Winter storm paralyzes US South

By Nick Barrickman
13 February 2014

A massive winter storm moving through the Southern and Mid-Atlantic United States on Tuesday and Wednesday has resulted in hundreds of thousands of power outages and dangerous road conditions. Emergency shelters are filled to capacity.

As of Wednesday, 300,000 individual properties throughout the South were without power, as sleet and freezing rain mixed with snow caused tree limbs to fall on power lines.

The storm has resulted in the deaths of at least 6 people, including an ambulance driver and two passengers who skidded off the road under hazardous driving conditions in Carlsbad, Texas. In Dallas, William Tanksley, a fireman, fell to his death from an overpass after an out-of-control vehicle careened into him while at the scene of an accident. Two others were reported dead in Mississippi due to conditions created by the storm.

According to National Weather Service meteorologist Michael Musher, the dimensions of the storm would be “mind-boggling if not historical. A memo released by the agency on Wednesday declared the winter event to be “catastrophic … crippling … paralyzing … choose your adjective.”

As of Wednesday, over 3,300 flights had been canceled around the region, including over 1,000 from Hartsfield-Jackson Airport in Atlanta, Georgia, the nations’ busiest. Amtrak has suspended trains going from New York to the Washington, DC area. Trains traveling from the Northern Virginia DC suburbs to Orlando, Florida were similarly halted.
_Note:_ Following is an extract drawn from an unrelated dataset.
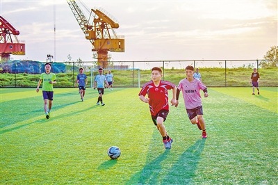 4月9日,在利用廢舊碼頭改造而成的安徽省銅陵市濱江生態(tài)體育公園,足球愛好者競逐綠茵,不遠(yuǎn)處的碼頭吊臂高高矗立。近年來,各地注重盤活城市空閑土地,通過新建或改擴建體育公園、公共體育場館等,加大全民健身場地設(shè)施供給。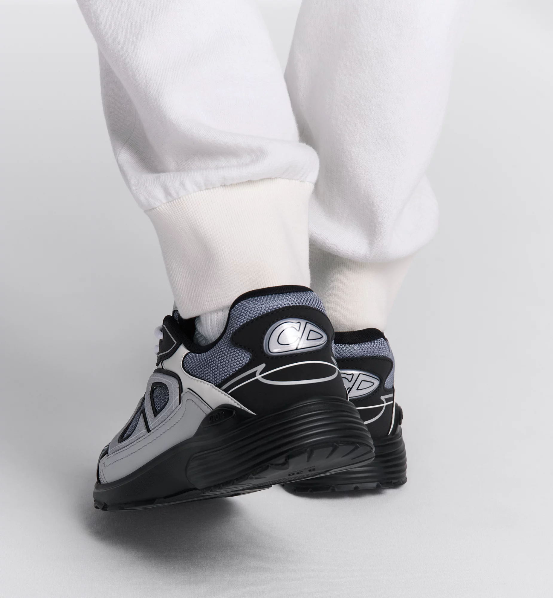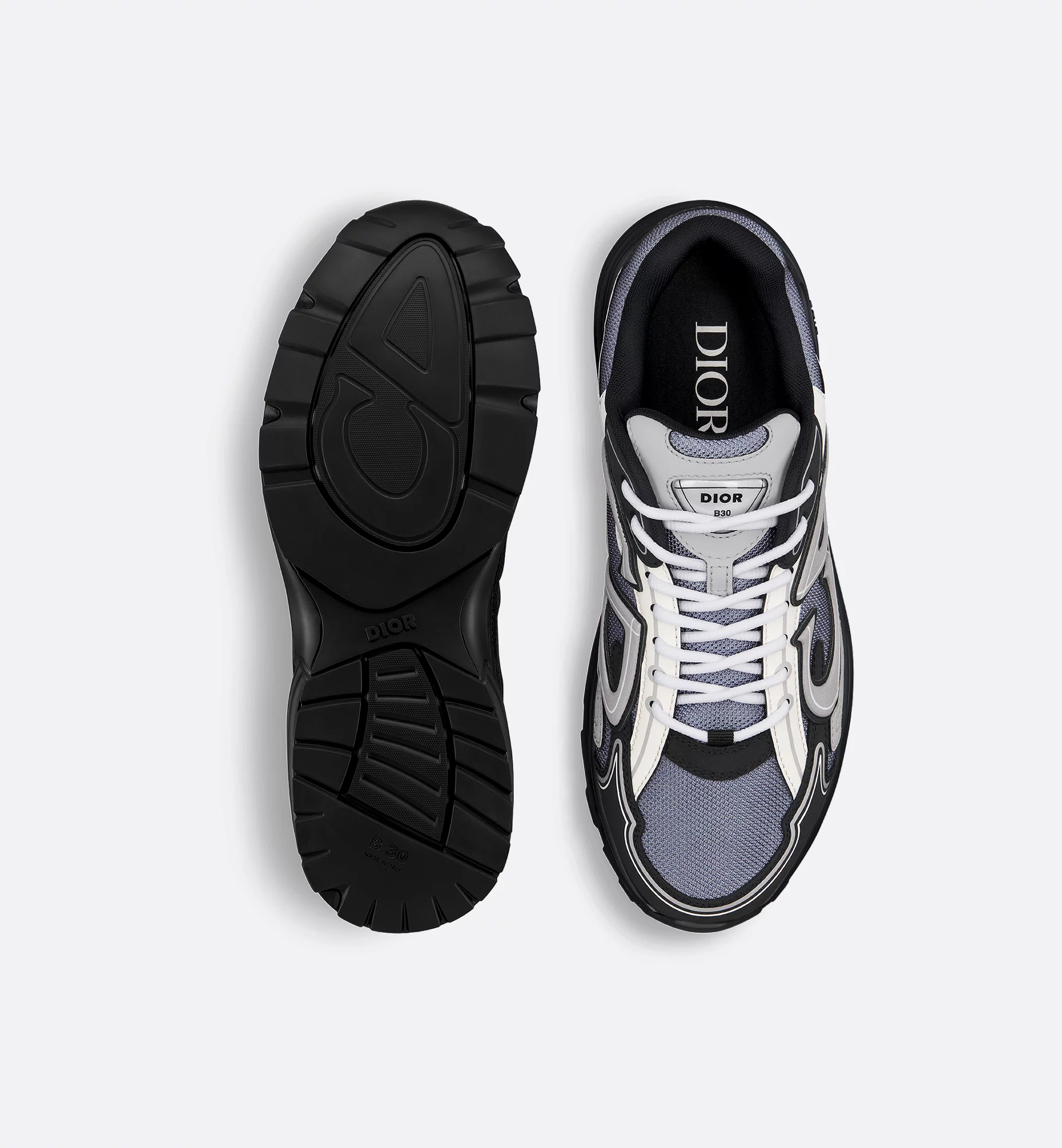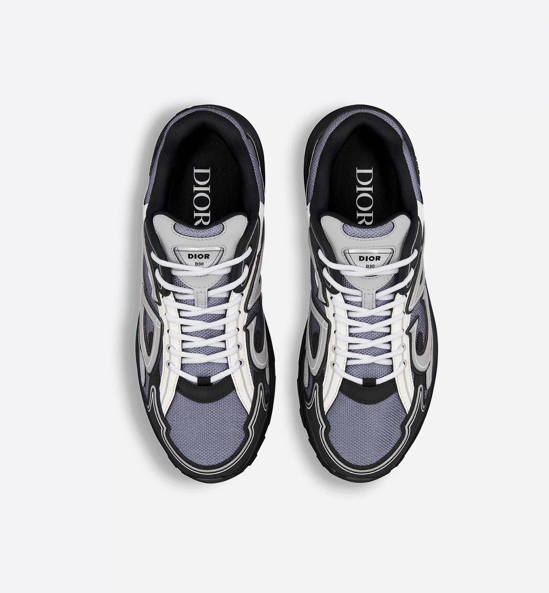 The B30Â Countdown low-top sneaker is a new House essential distinguished by its modern and sporty silhouette. Crafted in blue mesh and gray, white and black technical fabric, it is enhanced by a reflective CD30 signature with a graphic aesthetic. The B30Â Countdown also features silver-tone Dior B30 and CD30 signatures on the tongue and back. A sculpted and ultralightweight rubber sole spotlights various hallmark details while elastic on the interior provides optimal comfort. The B30Â Countdown sneaker will complete any casual outfit.

In all, 22 states from Texas to Maine will be affected by the storm. Mississippi expects to see a total snowfall of 3 inches, while Georgia was expecting 3-5 inches. Regions west and north of these areas, including Appalachia, can expect to see as much as a foot of snow, according to news outlets.

South Carolina is expected to see nearly three-quarters of an inch of ice alone, creating potentially deadly driving conditions in the state. Commenting on the conditions created by the storm, Kurt Van Speybroeck of the National Weather Service told Fox News, “If you get even a tenth of inch of ice on a road, it’s like a skating rink.”

The Red Cross, which organizes emergency responses to such incidents, has been forced to suspend over 1,000 blood drives across the Southern US due to the storm.

Hardest hit has been the state of Georgia, hit two weeks ago by a massive storm system that paralyzed the city of Atlanta and its suburbs, leaving commuters stranded for days on icy roads. (See, “Winter storm paralyzes Atlanta, Georgia, stranding thousands”)

As a result of this storm, more than 100,000 homes and businesses in Georgia have been left without power. Partially as a response to the public backlash garnered by authorities’ subdued response to the previous storm, President Barack Obama has declared a state of emergency in the state. Governor Nathan Deal has declared a state of emergency in 91 of the state’s 159 counties.

As weather patterns increasingly reflect the harsh realities of climate change, the ability of emergency services to deal with catastrophes has been limited by the capitalist profit system and claims that there is “no money” for essential infrastructure.

A study conducted in North Carolina by state utility regulators in 2002, after a storm knocked out the power for over 2 million residents, declared that the costs of burying the three largest power companies’ electrical wires was “prohibitively expensive.”

The report stated that such actions “would cost approximately $41 billion, nearly six times the net book value of the utilities’ current distribution assets, and would require approximately 25 years to complete.”